'''

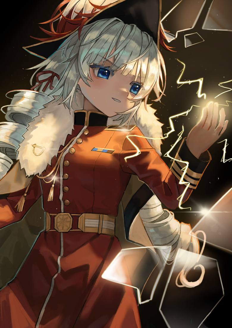 1girl aiguillette black_background black_hat blue_eyes broken_glass brown_cape cape charlie_(reverse:1999) charlie_(through_mirrors_and_curtains)_(reverse:1999) coat_dress dress drill_hair electricity electrokinesis epaulettes glass glass_shards grey_hair grin hair_ribbon hand_up hat hat_feather long_hair long_sleeves looking_at_hand military_uniform official_alternate_costume red_dress reverse:1999 ribbon smile solo twin_drills upper_body v-shaped_eyebrows xhcohiyc
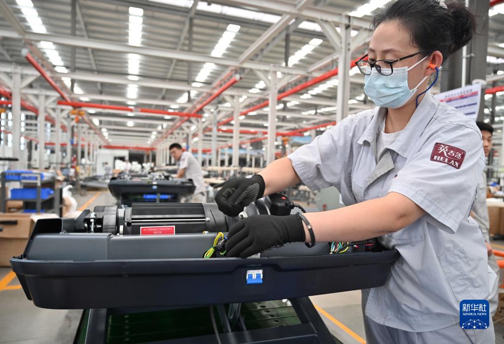 8月30日,在日照經(jīng)濟技術(shù)開(kāi)發(fā)區一家企業(yè)組裝車(chē)間,工人組裝出口歐美國家的智能跑步機。
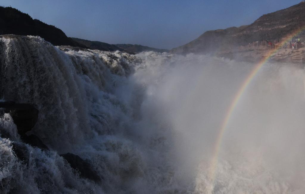 黄河壶口瀑布岸边,水声如雷。据当地水文部门介绍,随着上游冰雪消融,近日黄河壶口瀑布最大流量远超日常,壮美瀑布群景观再现。滚滚黄河水奔腾而下,如骐骥驰骋,冲出朝气蓬勃好年景。
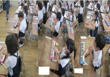 1年生が音楽で鍵盤ハーモニカを使って演奏しました。教材曲「どんぐりさんの おうち」を「ド」の階名で、楽しみながら演奏しました。
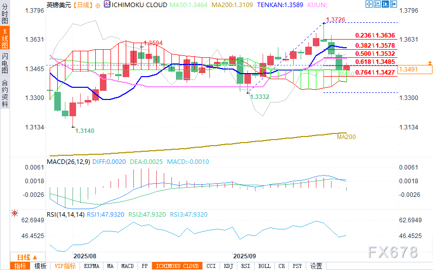 英镑/美元自上周三触及两个半月高点(1.3725)后持续阶梯式下跌后小幅反弹,盘中跌破近期1.3333至1.3725涨势的逾61.8%,并跌破下一道关键支撑位1.3465(日图云顶),目前价格已经略微回升到这个水平之上。
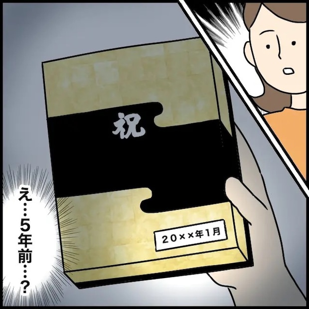 お祝いでいただいたという箱には5年間の日付が賞味期限として書かれていて、思わず絶句しました。
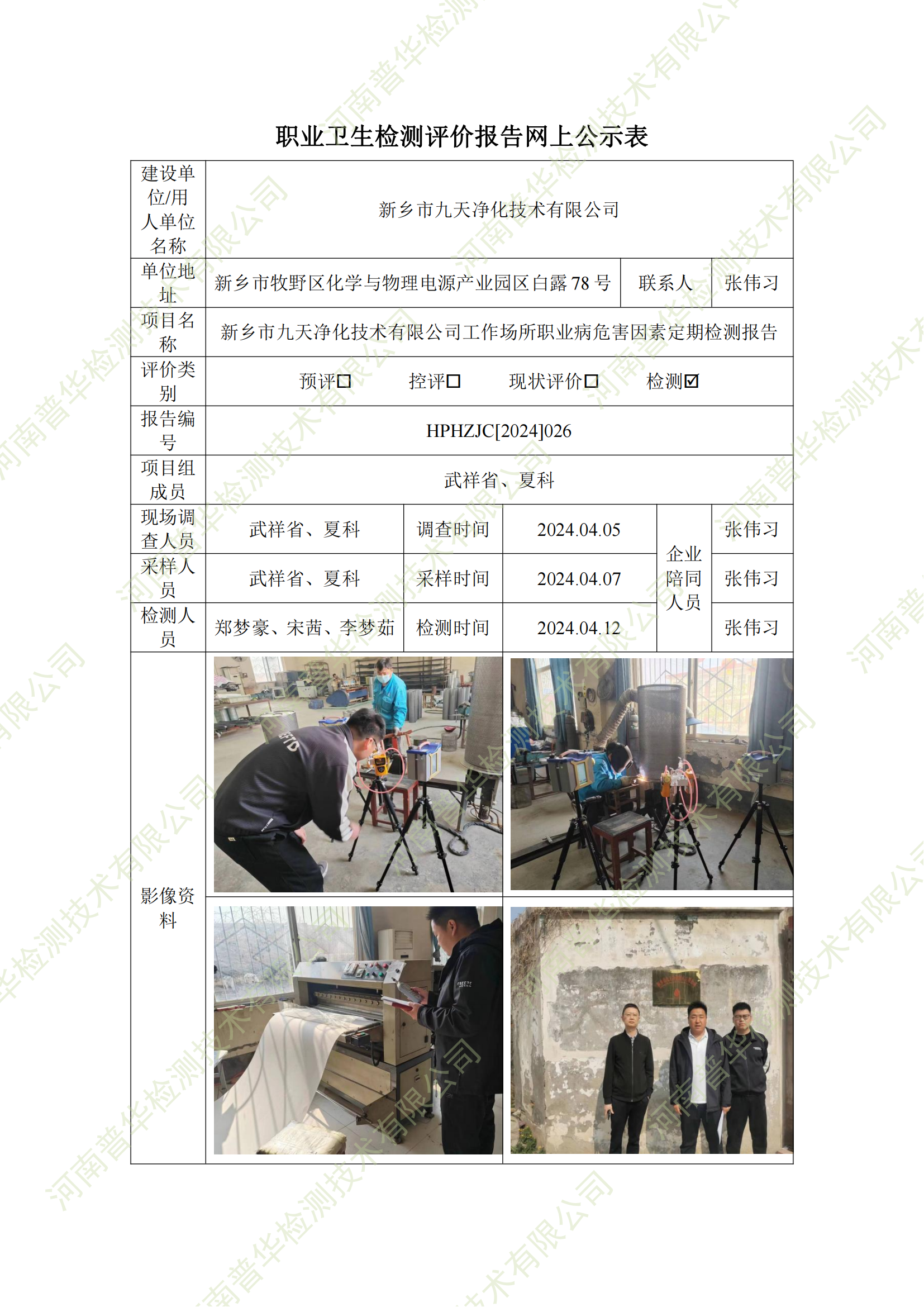 新鄉(xiāng)市九天凈化技術(shù)有限公司工作場(chǎng)所職業(yè)病危害因素定期檢測(cè) 點(diǎn)擊次數(shù):855 次

'''

**Action item**
Repeat each record verbatim, pictures excluded.

**Exercise result**
 1girl aiguillette black_background black_hat blue_eyes broken_glass brown_cape cape charlie_(reverse:1999) charlie_(through_mirrors_and_curtains)_(reverse:1999) coat_dress dress drill_hair electricity electrokinesis epaulettes glass glass_shards grey_hair grin hair_ribbon hand_up hat hat_feather long_hair long_sleeves looking_at_hand military_uniform official_alternate_costume red_dress reverse:1999 ribbon smile solo twin_drills upper_body v-shaped_eyebrows xhcohiyc
 8月30日,在日照經(jīng)濟技術(shù)開(kāi)發(fā)區一家企業(yè)組裝車(chē)間,工人組裝出口歐美國家的智能跑步機。
 黄河壶口瀑布岸边,水声如雷。据当地水文部门介绍,随着上游冰雪消融,近日黄河壶口瀑布最大流量远超日常,壮美瀑布群景观再现。滚滚黄河水奔腾而下,如骐骥驰骋,冲出朝气蓬勃好年景。
 1年生が音楽で鍵盤ハーモニカを使って演奏しました。教材曲「どんぐりさんの おうち」を「ド」の階名で、楽しみながら演奏しました。
 英镑/美元自上周三触及两个半月高点(1.3725)后持续阶梯式下跌后小幅反弹,盘中跌破近期1.3333至1.3725涨势的逾61.8%,并跌破下一道关键支撑位1.3465(日图云顶),目前价格已经略微回升到这个水平之上。
 お祝いでいただいたという箱には5年間の日付が賞味期限として書かれていて、思わず絶句しました。
 新鄉(xiāng)市九天凈化技術(shù)有限公司工作場(chǎng)所職業(yè)病危害因素定期檢測(cè) 點(diǎn)擊次數(shù):855 次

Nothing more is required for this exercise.